View Single Post
  #1  
Old 12-10-2007, 07:48 PM
MyOwnWoman
Guest
 
Posts: n/a
Default Middle Management aka "The Bad Guys"

Before everyone wants me thrown from a car into the path of a locomotive listen to what I have to say. Today I spent some time re-reading some of the threads here at Nursing Voices and noticed something that I had not noticed before. There seems to be a underlying tone that Middle Management (Nurse Managers/Supervisors) don't care about the day to day frustrations that the floor nurse goes through. The tone of some of the posts indicate that Middle Management's major concern is the budget, making them more Upper Management than the floor nurse thinks they should be.

First, I need to say that I am not Middle or Upper Management. I am straight-up a floor nurse. I am a floor nurse because that is what I choose to be. I don't think, for the most part, that I am Middle Management material because there are too many times that my mouth engages before it should. If you want an opinion on a specific problem, I have no problem giving it to you. You may not like what I have to say, but if you ask, I'm more than willing to tell you. This makes me "not so good" at being in the middle, which, in fact is where Middle Management is.

Middle Management are those nurses who are in between a rock and a hard place. They are suppose to be the staff nurse's advocate while being under the sometimes crushing thumb of Upper Management. Often times, it is Middle Management that takes the brunt of everyone's anger; from both the staff nurse and "the powers that be." While I think that Middle Management's heart is closer to the bedside than Upper Management, it is often hidden from the staff nurses view because of the controversial decisions that they, out of necessity, have to make.

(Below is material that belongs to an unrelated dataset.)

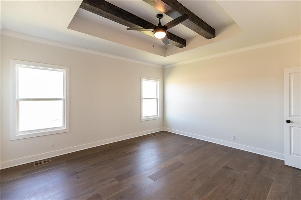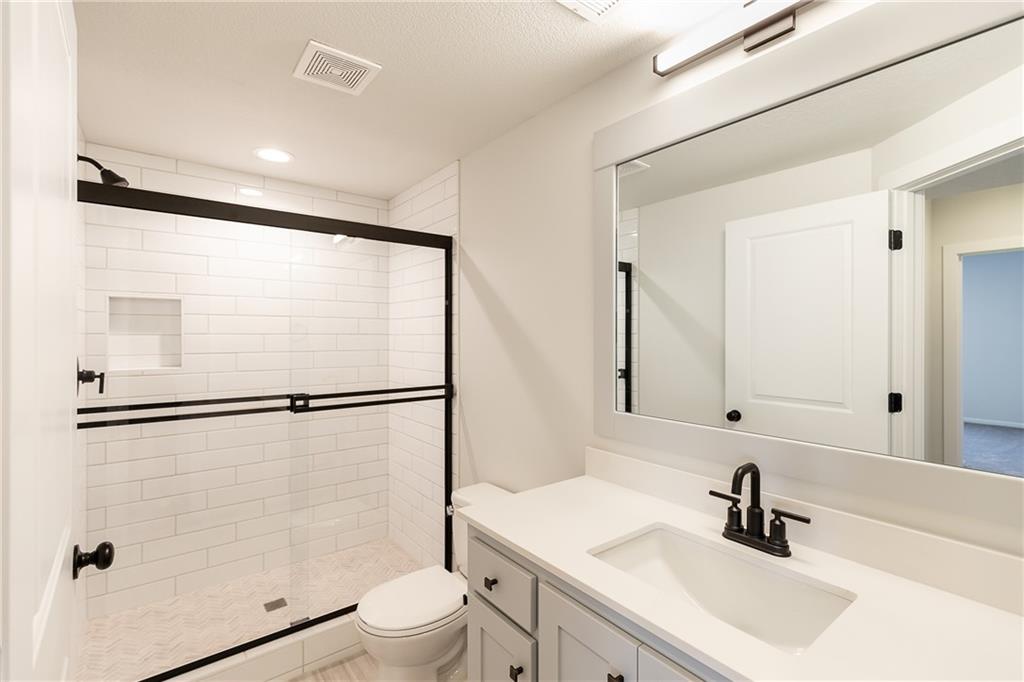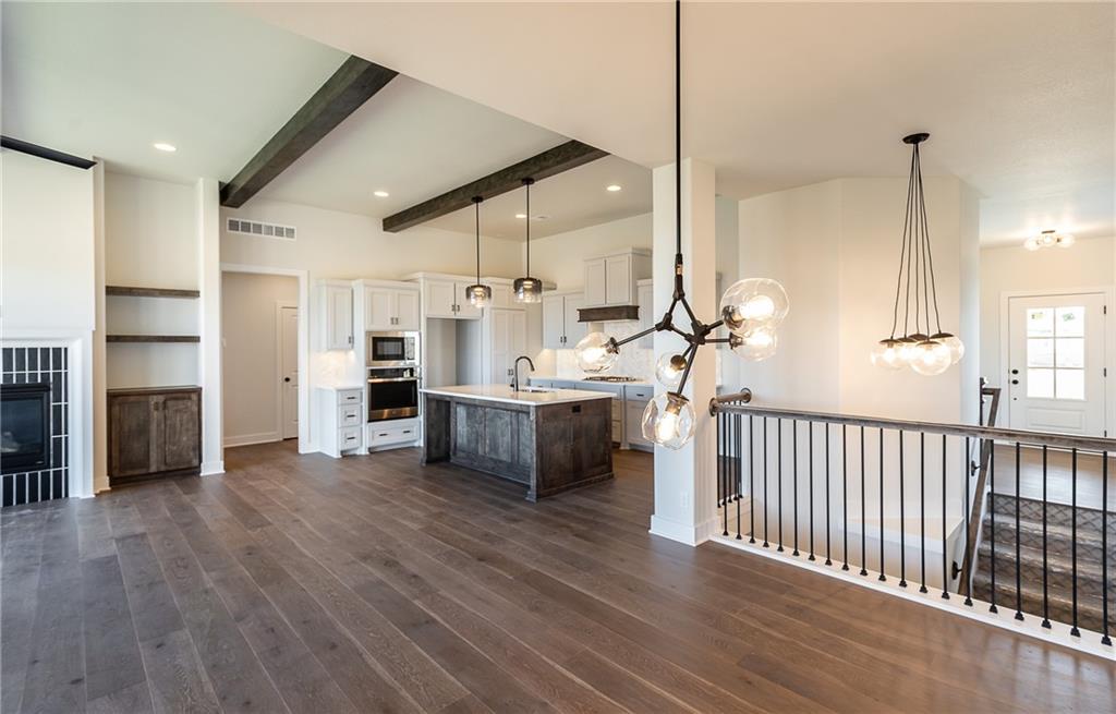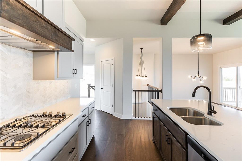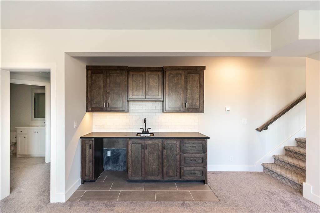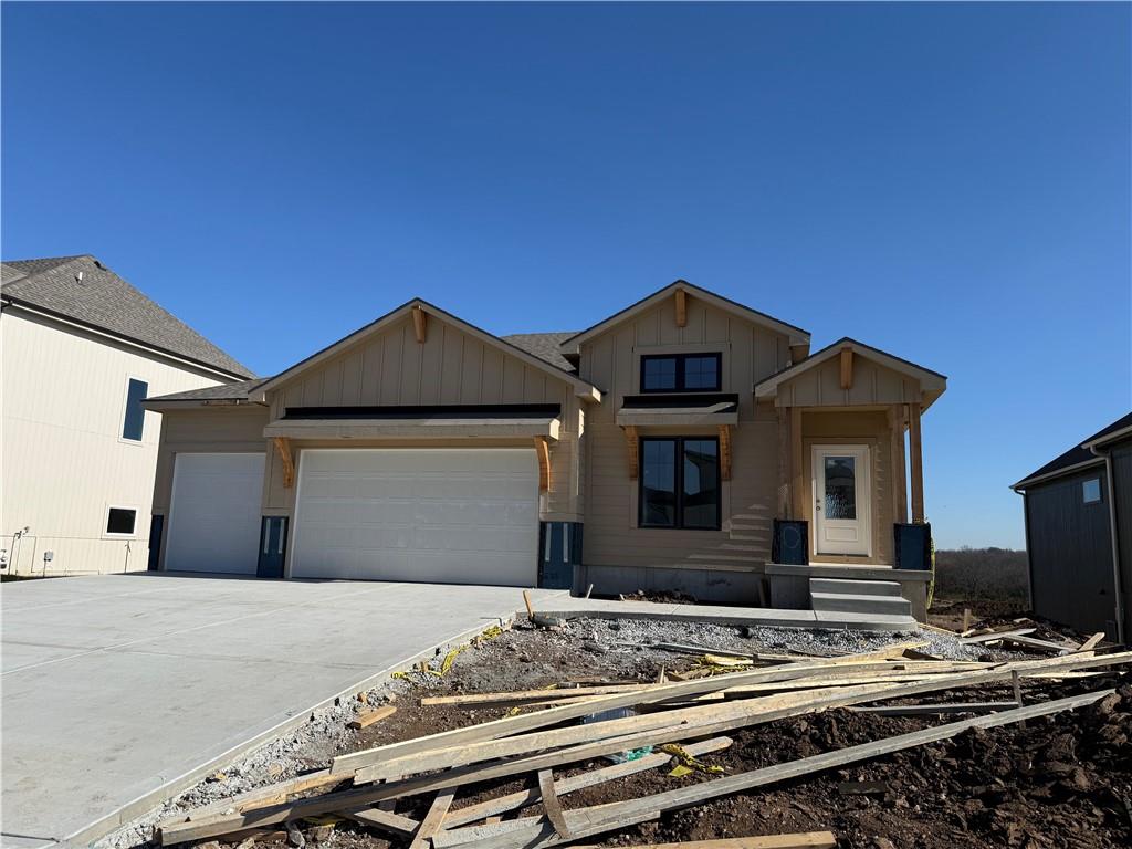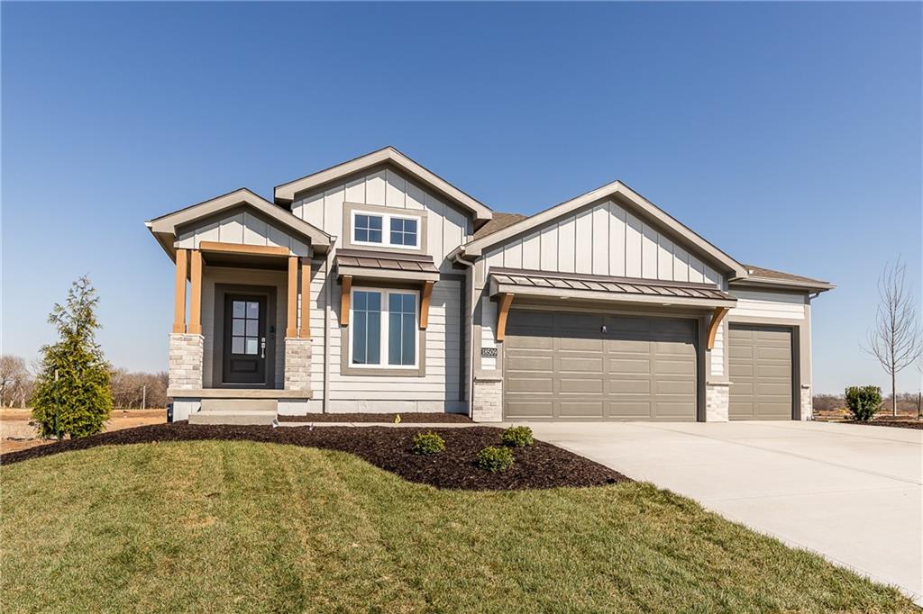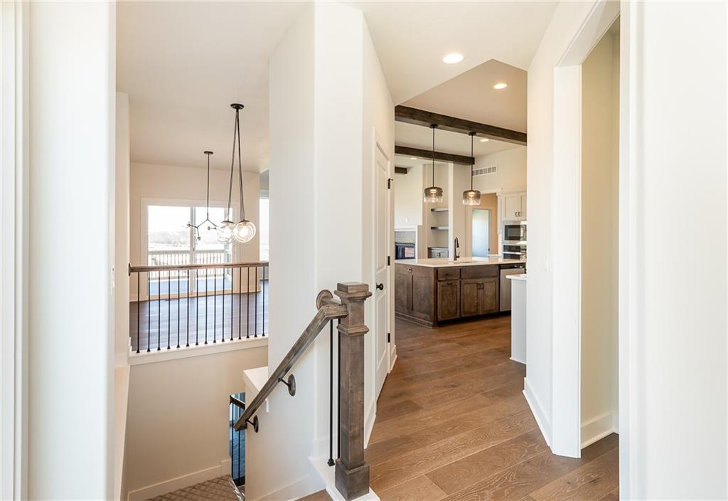 Award winning SAB Homes is a highly sought after builder in Southern Meadows community in the Blue Valley School District. This Hampshire reverse sits on lot 124 and has everything you need and more! From the incredible curb appeal featuring black windows and great roof line to the interior this home is packed with features. This home is perfect for many types of buyers, and fits the needs of most families and lifestyles. From the entry, this home has great flow and sight lines from the kitchen into the great room and dining room. The kitchen is well-appointed with a beautiful appliance package, walk-in pantry and a large island and opens to the great room. Large dining room perfect for entertaining with direct access to a fantastic covered deck. The Primary suite is impressive and the bath includes double vanities, fully tiled shower and a generously sized closet. The laundry is conveniently located between the mud hall and master closet. The lower level boasts two bedrooms, a family room/rec room with the perfect space for gaming, studying or someone who works from home. Enjoy a great level yard and walkout basement on perfectly flat and oversized yard. Home is currently at Trim stage and will be completed early 2026. Buyer is still able to make some selections. Photos of completed home are same floor plan however colors and features will vary!

If the truth be told, I would imagine that every Nurse Manager or Nursing Supervisor would like their departments to be staffed better than they are right now; but they walk a fine line between what they want and what reality has to offer. I have to admit, there are times when I don't make their job easier to do. Often times I don't see the big picture, but only the small patient that lays before me. I am not the one that is held accountable for a budget or a nurse to patient ratio, but I may be the first one to voice my upset when I don't have the things I need to take care of my patients immediately at my disposal or I feel short staffed eventhough our "staffing pattern" is what it should be.

It seems that I have forgotten that Middle Management are nurses first and management second. They have the same compassion that I feel only from a different viewpoint. Upper Management is often times composed of administrators who have never spent time with a patient. They are not nurses but businessmen and women who are concerned with the "bottom line" of the business. For the nurse, the bottom line is the patient, for the businessman, the bottom line is the dollar.

I, for the most part, am very fortunate to have Middle Management who, if I stopped and looked at things from outside of my own little box, really care about our patients. It must frustrate them when their hands become tied and they are no longer able to give the staff nurse what she wants and needs to take care of the patients in a way the patient deserves.

So, to all of you Middle Management out there. I'd just like to say that I appreciate what you do and I'm sorry if I don't say it often enough. Forgive me when the only view I have is my own. I know you are right in the middle and by the mere fact that you are in the middle means that you are being squeezed by both sides.